V. My own path and role in all of this

I’m at the very beginning stages of doing all of this, but the above is a high-level version of what I would like to work toward in the coming 10-15 years. Of course, I recognize that I will need to get much more specific with my vision each of these areas in order to pursue it, and I would do this by picking very specific, discrete problems to solve and beginning there.

I also wanted to think through how I could go about doing this in the next 10-15 years. I would start by creating a company in one of these areas, focused on solving something relatively specific (i.e., a thin slice of a much larger problem). I imagine that this may start more on the individual decision-making side, as that is the more easily accessible challenge to solve, given that I don’t have technical skills in the area. I imagine that my first company would be a challenge, but I’m also sure that it will provide a variety of lessons.
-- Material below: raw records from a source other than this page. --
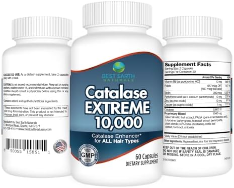 Catalase Extreme 10,000 is a vitamin supplement with a substantial 10,000 units of the catalase enzyme, formulated to help replenish declining catalase levels in the body—a natural process that occurs with age. As catalase levels decrease, the body's ability to break down an internally produced compound also diminishes, potentially affecting the aging of hair. This can result in weakened, aging hair from within. The Catalase formulation combines the Catalase enzyme with a potent blend of nutrients, including Saw Palmetto, Biotin, Fo-Ti, PABA, copper, and numerous other beneficial elements. Catalase plays a role in breaking down a specific compound into harmless substances, maintaining long, beautiful hair. Three Full Size Bottles
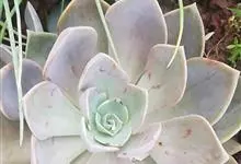 蓝石莲是景天科、拟石莲花属的多肉植物。茎部粗壮,成熟植株茎部木质化。叶片莲座型密集排列,株径不会很大,叶片相对较薄,常年绿色,表面布有白色粉末,中部凹陷,呈倒水滴状。叶尖较尖,叶缘光滑无褶皱,…全部>>
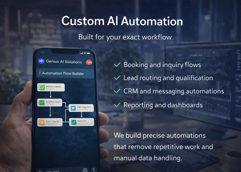 Genius AI Solutions designs custom AI automation using platforms like n8n, tailored precisely to how your business operates. We focus on removing repetitive work, manual data handling, and operational friction.
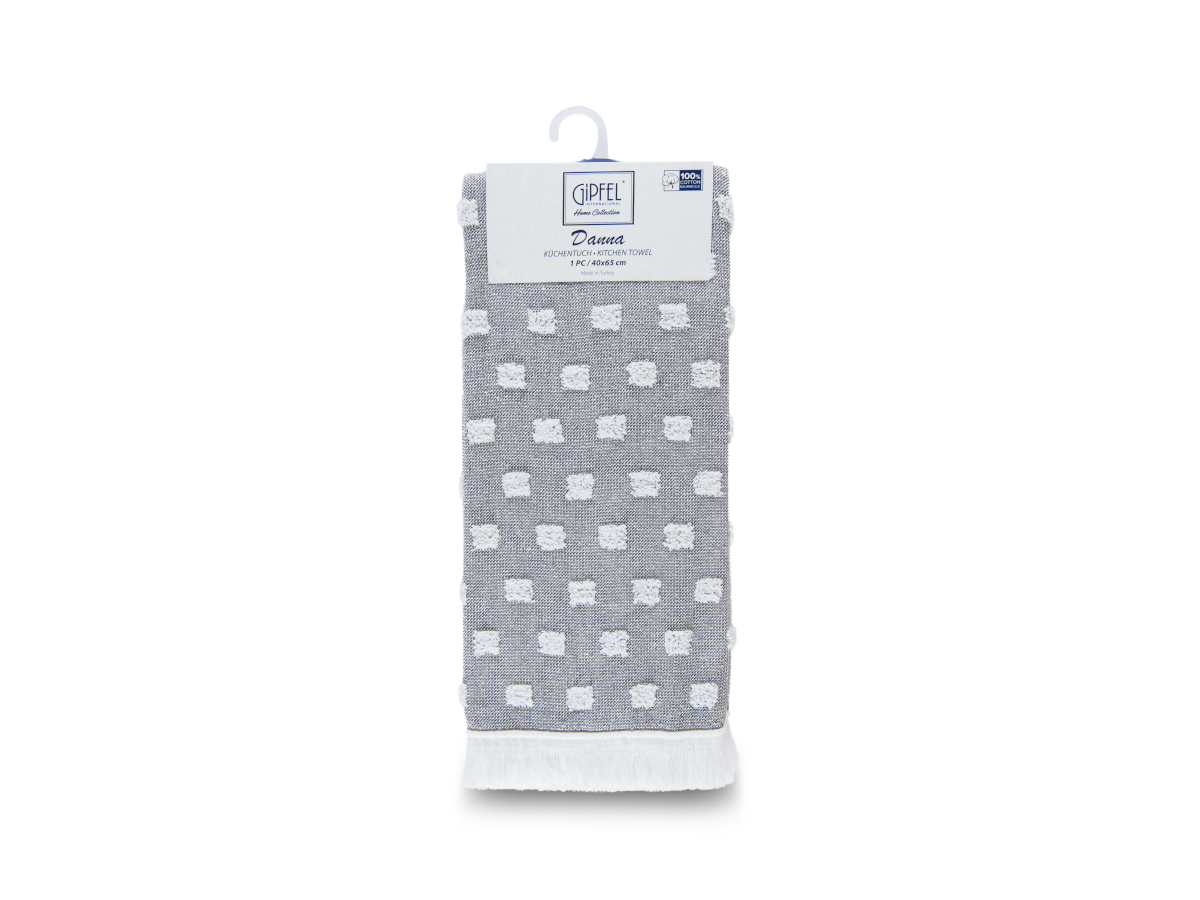 Полотенце кухонное Gipfel DANNA 40937. Размер 40х65 см. Полотенце сделано из 100% хлопка серого цвета, плотность нити 330 гр/м2. Полотенце из натурального материала отлично впитывают жидкость и быстро сохнет. Его также можно использовать в качестве прихватки.

Over time, I would also like to start several other companies, all related to certain areas of decision-making. Through multiple iterations, I would like to learn the skill of creating something from nothing and building it up to success. I imagine that I’ll fail many times in the process of this, and I accept that as part of the learning journey. The failures will be inevitable, but the important point will be to simply get up and continue toward the longer-term goal and vision.

Ultimately, I envision creating some sort of growth ventures fund, in which my team and I start, incubate, and grow  companies in these spaces (task-based decision making/automation and personal decision-making). I could envision it being organized a bit like the below:

Decision Fund [growth ventures fund]

Branch 1: Personal/life decision making

Branch 2: Task/process/automation decision-making

Some of what I would like to build into the culture of my company/companies includes (as a first hypothesis, as I’m sure this may adapt as I get actual experience):

  1. Being ruthlessly results-oriented
  2. Building a learning organization (always learning and iterating)
  3. Building a meritocratic organization in which the best people can thrive, grow, and continue gaining opportunities

In the meantime, a couple of skills that I also want to learn include: data science (at a high level) and investing (in-depth – I think this will come partly through the experience of starting/running companies, and partly through the trial and error of actual investing, both before and during my envisioned growth ventures fund).

Now that I have put it out into the world, I hope that it’ll help me get there by keeping this clear vision in my mind.